Bug #727615 “wanted: nicer hash-table thread safety policy” : Bugs : SBCL

Nikodemus Siivola (nikodemus) on 2011-03-02

description:

updated

Revision history for this message

Attila Lendvai (attila-lendvai) wrote on 2011-03-02:

#1

if concurrent access can cause heap corruption and remote (in time) crashes (as opposed to lost/duplicate entires), then ignore the rest.

but i'd say that if the overhead is some +50% or more then please don't make hashtables threadsafe by default.

my reasoning: there are zillions of thread safety issues and concurrent access to hashtables is just one of them. making them fail-safe will not help much, while it gives a performance penalty to all the other code that was written with threads in mind.

there already is a compile time :sb-hash-table-debug to get an sbcl that catches concurrent access for some performance penalty on each access in return.

Revision history for this message

Nikodemus Siivola (nikodemus) wrote on 2011-03-02:

#2

Heap corruptions should not occur as a direct consequence, but the hash-table structure itself may be corrupted -- which may violate assumptions elsewhere in code, causing other essentially unpredictable issues.

I'll keep performance in mind, and we'll see what the cost turns out to be.

In worst case maybe there's call for *hash-table-synchronized-default* or similar.

Revision history for this message

James Y Knight (foom) wrote on 2011-03-02:

#3

This sounds like a *very* bad idea. Synchronizing hash-table access does not magically make your code thread-safe.

Do you have examples of real-life code which would be correct except for hashtables being unsynchronized? (it's easy to construct example cases, of course)

Java made that mistake (java.lang.Hashtable), and then fixed it (java.util.HashMap).

A global variable to modify the behavior sounds even worse...

Revision history for this message

Roman Marynchak (roman-marynchak) wrote on 2011-03-02:

#4

Well, the idea itself is not so bad. Some guys have already implemented it: http://www.lispworks.com/documentation/lw60/LW/html/lw-608.htm

In case there is a possibility to do something like this without serious performance issues... It is a nice feature. It should be very helpful when you have a ton of the legacy code which should be adapted to use SMP. I work with one CL system which has around 1M LOC, and I have seen a lot of very complex synchronization issues. Synchronized data structures allow better SMP problems analysis, and it is critical for large systems and large teams (teams which do not have he-knows-it-all-guy who can fix any SMP-related system bug in a week). When you have 50 hashtables and 5-10 working threads which access them with quite complex logic behind the scene, every smallest compiler feature towards SMP makes your life significantly easier. At least, it may help to debug the problem (Though, I don't say that it solves the issues magically).

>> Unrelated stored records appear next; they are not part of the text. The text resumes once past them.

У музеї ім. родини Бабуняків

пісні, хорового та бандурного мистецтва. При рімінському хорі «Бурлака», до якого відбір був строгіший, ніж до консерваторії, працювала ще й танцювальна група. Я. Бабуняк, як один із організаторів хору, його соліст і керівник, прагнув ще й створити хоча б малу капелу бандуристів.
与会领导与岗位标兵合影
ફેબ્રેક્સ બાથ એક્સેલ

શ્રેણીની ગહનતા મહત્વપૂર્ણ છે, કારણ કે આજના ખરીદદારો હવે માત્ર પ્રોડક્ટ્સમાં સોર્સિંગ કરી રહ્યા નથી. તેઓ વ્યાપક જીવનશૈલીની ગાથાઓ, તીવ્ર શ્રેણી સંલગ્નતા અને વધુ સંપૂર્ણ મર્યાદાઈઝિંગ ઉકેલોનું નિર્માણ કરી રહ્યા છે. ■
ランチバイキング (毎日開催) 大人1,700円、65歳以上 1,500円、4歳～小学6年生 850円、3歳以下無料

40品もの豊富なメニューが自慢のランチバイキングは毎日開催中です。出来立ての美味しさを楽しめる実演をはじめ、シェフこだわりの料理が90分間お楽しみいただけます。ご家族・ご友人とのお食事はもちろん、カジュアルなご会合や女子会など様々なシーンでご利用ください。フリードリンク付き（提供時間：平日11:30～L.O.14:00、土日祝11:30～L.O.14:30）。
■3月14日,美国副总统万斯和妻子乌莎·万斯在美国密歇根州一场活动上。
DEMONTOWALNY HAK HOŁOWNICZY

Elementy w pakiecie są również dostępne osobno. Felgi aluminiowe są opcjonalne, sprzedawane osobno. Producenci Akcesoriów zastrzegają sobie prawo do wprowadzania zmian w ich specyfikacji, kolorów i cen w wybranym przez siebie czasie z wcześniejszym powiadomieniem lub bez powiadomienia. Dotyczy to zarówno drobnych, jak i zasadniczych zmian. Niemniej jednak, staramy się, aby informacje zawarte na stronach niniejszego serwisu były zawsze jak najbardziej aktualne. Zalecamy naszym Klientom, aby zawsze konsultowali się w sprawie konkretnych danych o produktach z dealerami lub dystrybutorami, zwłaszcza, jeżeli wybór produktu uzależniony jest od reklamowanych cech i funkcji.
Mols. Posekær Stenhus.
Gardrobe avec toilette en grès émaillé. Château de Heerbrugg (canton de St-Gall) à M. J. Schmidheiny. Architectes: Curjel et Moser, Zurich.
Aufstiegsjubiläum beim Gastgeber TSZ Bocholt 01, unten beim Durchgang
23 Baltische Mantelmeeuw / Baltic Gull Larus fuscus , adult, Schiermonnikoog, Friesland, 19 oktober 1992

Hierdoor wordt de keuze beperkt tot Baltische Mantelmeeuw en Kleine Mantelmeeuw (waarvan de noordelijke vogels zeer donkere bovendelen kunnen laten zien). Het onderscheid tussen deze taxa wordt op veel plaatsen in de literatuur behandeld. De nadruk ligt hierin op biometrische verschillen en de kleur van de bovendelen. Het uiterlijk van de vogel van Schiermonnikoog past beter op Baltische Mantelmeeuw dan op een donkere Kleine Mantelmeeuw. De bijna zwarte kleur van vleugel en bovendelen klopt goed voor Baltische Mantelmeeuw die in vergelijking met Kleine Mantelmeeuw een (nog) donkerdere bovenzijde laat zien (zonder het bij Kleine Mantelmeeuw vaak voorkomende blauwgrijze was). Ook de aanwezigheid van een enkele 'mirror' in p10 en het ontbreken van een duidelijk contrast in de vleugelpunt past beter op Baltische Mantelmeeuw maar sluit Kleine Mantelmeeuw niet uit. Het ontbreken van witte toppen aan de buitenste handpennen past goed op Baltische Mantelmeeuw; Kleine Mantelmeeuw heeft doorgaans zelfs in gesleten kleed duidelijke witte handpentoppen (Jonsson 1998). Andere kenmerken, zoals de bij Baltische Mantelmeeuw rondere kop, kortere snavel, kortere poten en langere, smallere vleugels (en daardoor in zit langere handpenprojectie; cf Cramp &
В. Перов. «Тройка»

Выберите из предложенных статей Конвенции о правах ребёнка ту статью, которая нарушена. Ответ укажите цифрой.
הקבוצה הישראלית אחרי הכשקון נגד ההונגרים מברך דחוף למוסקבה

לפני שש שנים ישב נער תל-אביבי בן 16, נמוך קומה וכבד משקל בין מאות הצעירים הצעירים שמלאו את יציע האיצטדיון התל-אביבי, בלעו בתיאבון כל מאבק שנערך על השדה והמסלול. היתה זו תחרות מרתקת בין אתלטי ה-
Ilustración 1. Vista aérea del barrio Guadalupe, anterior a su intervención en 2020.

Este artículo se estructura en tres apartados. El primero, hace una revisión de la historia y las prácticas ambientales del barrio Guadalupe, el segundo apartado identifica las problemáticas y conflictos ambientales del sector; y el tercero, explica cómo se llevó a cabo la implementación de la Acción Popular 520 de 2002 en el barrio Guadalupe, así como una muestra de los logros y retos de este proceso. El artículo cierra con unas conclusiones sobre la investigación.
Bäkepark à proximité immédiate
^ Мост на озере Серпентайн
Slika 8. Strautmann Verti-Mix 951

Regarding the real-life example, imagine a hash table which holds a structure called 'relation' as a value, and a relation name as a key. The relation is something like '(A RELATED-TO B), and a name is a symbol. There are 10 rules, each of them running in its own thread, which are interested in this relation. Two of them can change it, other eight can only read it. All rules are launched every 1 second, they execute during 50ms and then sleep the rest time waiting for the next launch. In case hash-table is thread-safe, this stuff works perfectly, just because the maximum action delay upon a _final_ relation change is 1 second, which is not a problem (relation changes are allowed to overwrite one another without any action). But in case a table is not thread-safe, and a relation value becomes garbage, we are likely to end up in the debugger.

I can tell you about more examples, but anyway I don't push this feature very hard, I just think that it is _quite reasonable_.

In case we fight for the ultimate performance, just make this feature to be a build option. But don't throw it out all at once.

Well, the idea itself is not so bad. Some guys have already implemented it: http://www.lispworks.com/documentation/lw60/LW/html/lw-608.htm

In case there is a possibility to do something like this without serious performance issues... It is a nice feature. It should be very helpful when you have a ton of the legacy code which should be adapted to use SMP. I work with one CL system which has around 1M LOC, and I have seen a lot of very complex synchronization issues. Synchronized data structures allow better SMP problems analysis, and it is critical for large systems and large teams (teams which do not have he-knows-it-all-guy who can fix any SMP-related system bug in a week). When you have 50 hashtables and 5-10 working threads which access them with quite complex logic behind the scene, every smallest compiler feature towards SMP makes your life significantly easier. At least, it may help to debug the problem (Though, I don't say that it solves the issues magically).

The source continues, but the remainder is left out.